How to Scrape the Web with NodeJs

Need Javascript?

If you need to scrape a webpage that requires javascript to properly render, check out our article on browser automation with NodeJs using either Puppeteer or Selenium

In recent years, Javascript has come up the ranks of popularity with the advancements with NodeJs. It’s taken the web and the world by storm. There may come a time when you need to scrape a web page and you want to do it in node. By the end of this article, you will have a full understanding of how to get html data from web pages using NodeJs.

Prerequisites:

  • Have NodeJs and npm (installed with the NodeJs installer) installed on your machine. If not, you can follow this great tutorial to get that installed.
  • Experience programming in Javascript Es6.
  • An interest in web scraping.

Now there are a few different ways to make a request to the web in Node. In this article we’ll cover axios and requests. First up axios.

To install axios type:

npm install axios

Now that’s installed we can write a simple script.

const axios = require('axios');
const fs = require('fs');

axios.get('https://www.google.com/search?q=gtx+3080+ti')
.then(function (response) {
    fs.writeFile('response.html', response.data, function (err) {
        if (err) {
            return console.log(err);
        }
        console.log("The file was saved!");
    });
}); 

Now when we run that script what it’ll do is make a request to Google, querying the GTX 3080ti, and save the response html to the same directory your Javascript file is in.

Now what you may notice if you load that html into a browser by double clicking the file that the rendered web page looks a little off. This can be for a few reasons, the reason here is that Google changes how it formats the html based on the headers we send up. One header in particular is important, and that’s the User-Agent header. This header tells the web server what kind of client is calling it.

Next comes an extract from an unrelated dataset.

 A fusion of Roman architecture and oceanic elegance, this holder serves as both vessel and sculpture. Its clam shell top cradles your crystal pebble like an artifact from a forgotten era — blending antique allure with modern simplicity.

Here’s what the new script will look like, and I’ll explain the changes below:

const axios = require('axios');
const fs = require('fs');

let agent = 'Mozilla/5.0 (Windows NT 10.0; Win64; x64; rv:94.0) Gecko/20100101 Firefox/94.0';

let headers =
{
    'User-Agent': agent,
    'Host': 'www.google.com',
    'Sec-Fetch-Dest': 'document',
    'Accept': 'text/html,application/xhtml+xml,application/xml;q=0.9,image/avif,image/webp,*/*;q=0.8'
};

axios.get('https://www.google.com/search?q=gtx+3080+ti',
{
    headers: headers
})
.then(function (response) {
    fs.writeFile('response.html', response.data, function (err) {
        if (err) {
            return console.log(err);
        }
        console.log("The file was saved!");
    });
});

First up is the agent variable, which will be sent as the User-Agent header. This provides information about the calling client to the web server. This is sent via the headers of the request.

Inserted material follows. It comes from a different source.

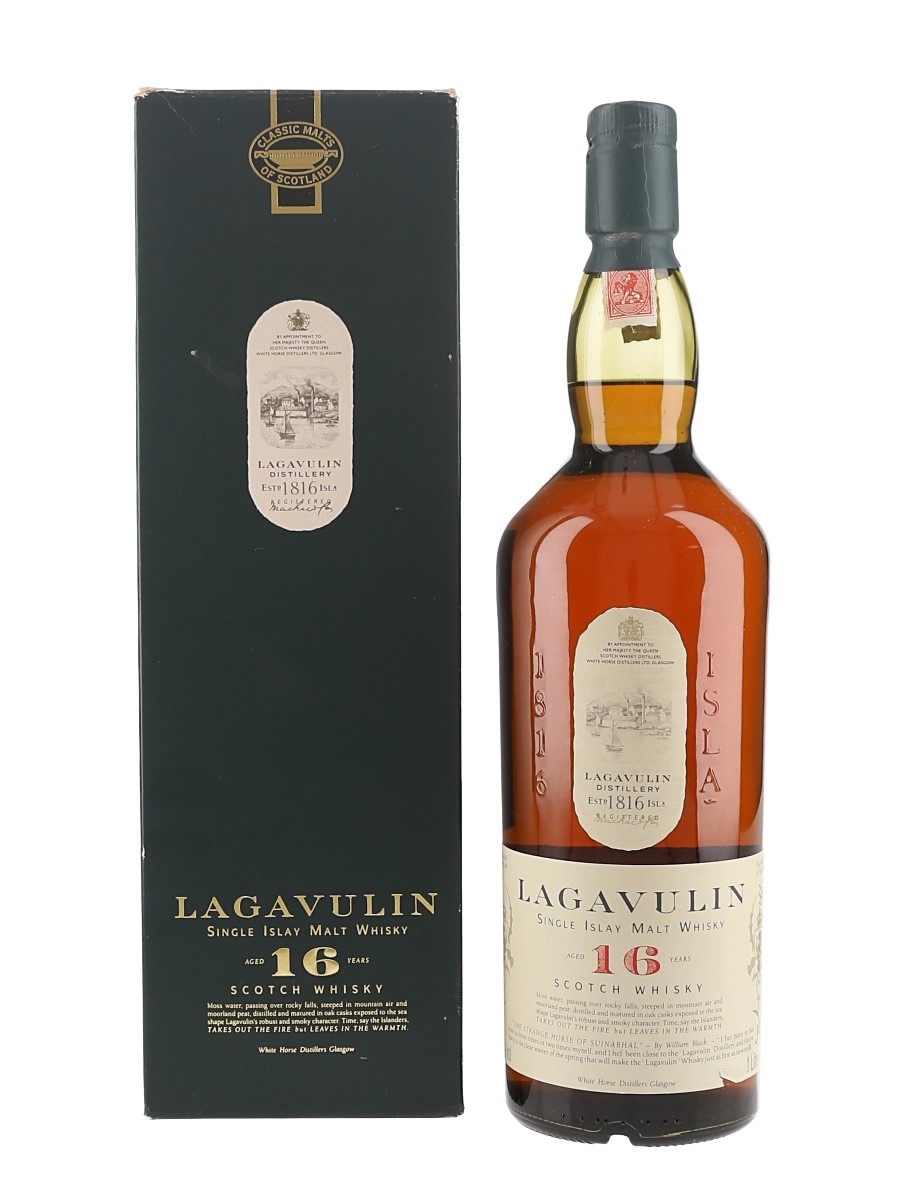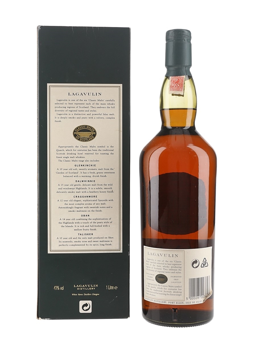 A litre bottle of Lagavulin 16 Year Old Single Islay Malt Scotch Whisky, part of Diageo's Classic Malts of Scotland range. We estimate this was bottled in the late 1990s, when the distillery was still owned by White Horse Distillers.

Host is the request header that specifies the host and port number (defaults to 80/443) of the server to which the request is being sent.

Sec-Fetch-Dest tells the web server how the fetched data will be used. In this case document means displayed in a web browser.

Accept is the request header that indicates which content types, also known as MIME types, the client is able to understand.

By including these different headers in the request, we are mimicking what would typically come from a browser when requesting the same web page. If we run the request, you should see after opening the returned html that it looks a lot more like what you would see if you were to run the same query through google.

Now we’ll look at another library for making http requests, this one is simply called request. This library has been around longer and is used by many applications and libraries. But the author of this library has stated that this project is officially deprecated. That doesn’t mean that this library is useless and not worth looking at.

To install this library you’ll want to type into the console:

npm install request

With a few simple modifications we can update our script to use the request library. Here’s the full script and I’ll explain the changes below.

const request = require("request");
const fs = require('fs');

let agent = 'Mozilla/5.0 (Windows NT 10.0; Win64; x64; rv:94.0) Gecko/20100101 Firefox/94.0';

let headers = 
{
    'User-Agent': agent,
    'Host': 'www.google.com',
    'Sec-Fetch-Dest': 'document',
    'Accept': 'text/html,application/xhtml+xml,application/xml;q=0.9,image/avif,image/webp,*/*;q=0.8'
};

const options = {
    url: 'https://www.google.com/search?q=gtx+3080+ti',
    method: 'GET',
    headers: headers
};

request(options, function(err, res, body) {
    fs.writeFile('response.html', body, function(err){
        if(err) {
            return console.log(err);
        }
        console.log("The file was saved!");
    });
});

As you can see there are a few slight differences. The request library doesn’t have specific methods for the different http methods, you define the method through the options object, which is where everything lives. This library also uses callbacks vs Promises, which is something you’ll have to take into consideration when choosing between the two. The values we pass in here are the same, and will produce similar web page requests as far as google is concerned.

One problem with the approaches above is that making a web request like this does not have the browser backend to run the javascript (which is funny because we’re programming in javascript right now). For that you’ll want to read this tutorial to learn how to use libraries like puppeteer or selenium to control a headless browser and get that javascript going.